Propos recueillis par Alexandre Sulzer

Le journaliste français Nicolas Hénin a été otage pendant sept mois avec le reporter James Foley. Après l’exécution de l’Américain, revendiquée par les djihadistes de l’Etat Islamique dans une vidéo, il témoigne pour L’Express.

Le journaliste français Nicolas Hénin a été otage en Syrie de juin 2013 à avril 2014. Il réagit à l’assassinat revendiqué par l’Etat Islamique de James Foley, un confrère américain qu’il a connu en captivité.

Avez-vous été détenu avec James Foley, le journaliste américain qu’un groupe islamiste dit, dans une vidéo, avoir décapité en Syrie?

Oui, nous avons été détenus, comme l’a dit Didier François, de l’automne 2013 à notre libération. Pendant sept mois, j’ai donc partagé la même pièce que James Foley. C’est un garçon d’une très grande bravoure, d’un grand courage qui n’a pas eu de chance. Il avait déjà été capturé par l’armée libyenne de Kadhafi. Il s’en amusait souvent en nous racontant qu’à la fin de sa captivité, l’officier qui le gardait, sentant la fin du régime approcher, le traitait aux petits oignons. Et on comparait à la situation dans laquelle on se trouvait à l’époque. Il est mort comme je l’ai connu: dans une grande dignité. Ce mec, c’est un homme. Ce n’est pas un mec qui va pleurnicher ou faire dans son froc. Il est resté droit, digne, jusqu’au bout. Quand je vois la réaction de sa mère, je reconnais son fils. Ils sont faits du même métal. N’importe qui d’autre aurait mis en scène sa douleur. Elle se contente de dire qu’elle est plus fière que jamais de ce qu’il a fait. Et elle pense aux autres otages. C’est le type de comportement de dignité absolue que je reconnais dans James.

Quelle a été votre réaction lorsque vous avez appris sa mort?

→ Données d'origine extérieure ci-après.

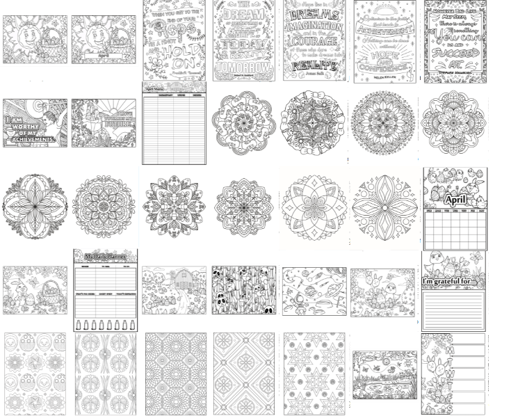 This beautifully designed 35-page printable coloring & planner bundle combines relaxing coloring pages, uplifting affirmations, and practical planning tools — all in one.
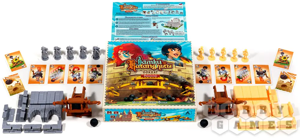 Внимание! На коробке может быть указано неверное количество игроков. Дополнение "Замки и Катапульты: Осада" добавляет в базовую версию режим для четырёх игроков и рассчитан не на 2, а на 2-4 игроков.
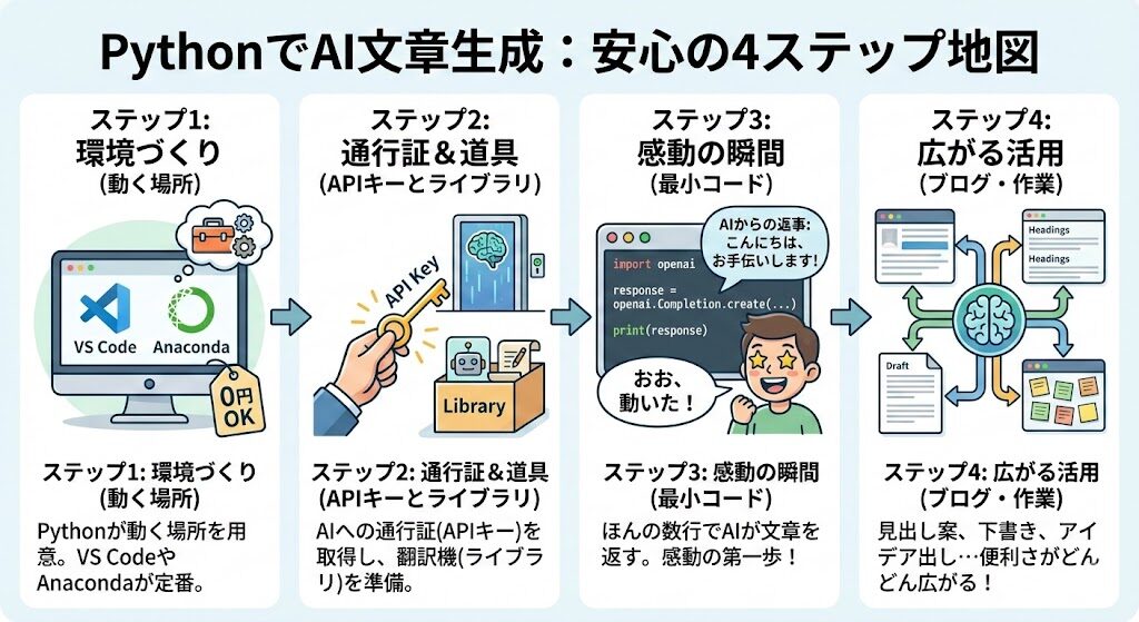 PythonでAIに文章を書いてもらうまでの流れって、実はたった4つのステップに分けられるんです。いきなり全部を理解しようとすると頭がパンパンになるので、まずは「地図」を見て全体の動きをつかんでおくとすごく安心できます。
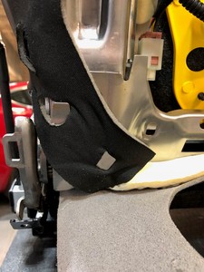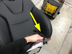 23. Remove the lower flap covering the inboard corner of the seat back frame
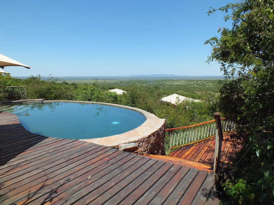 Das Bild zeigt den Blick von der Rezeption aus auf den Pool.

J’ai été évidemment effondré. Ça a été un grand choc. C’est une injustice noire. S’il y en a un qui ne méritait pas cela, c’était lui.

Avez-vous été surpris de cette issue fatale?

C’est quelque chose que je redoutais. Mais je me permettais d’espérer qu’ils trouveraient une monnaie d’échange. Du pognon – les familles réunissaient de l’argent – ou un échange de prisonniers. Il y a toujours l’espoir d’une solution.

Les bombardements de l’armée américaine sur les positions de l’Etat islamique expliquent-ils l’assassinat?

Les ravisseurs s’impatientaient. Ça se voyait déjà relativement lors de notre captivité commune. Les bombardements ont dû précipiter l’issue.

James Foley était-il davantage maltraité que les autres otages?

Oui. Il était vraiment plus maltraité. En fouillant dans son ordinateur, ils ont découvert que son frère travaillait dans l’US Air Force. A cause de cela et en tant qu’Américain, il a eu droit « à un traitement de faveur ». Il est devenu le souffre-douleur des geôliers. Il s’en prenait plein la gueule mais il restait impassible.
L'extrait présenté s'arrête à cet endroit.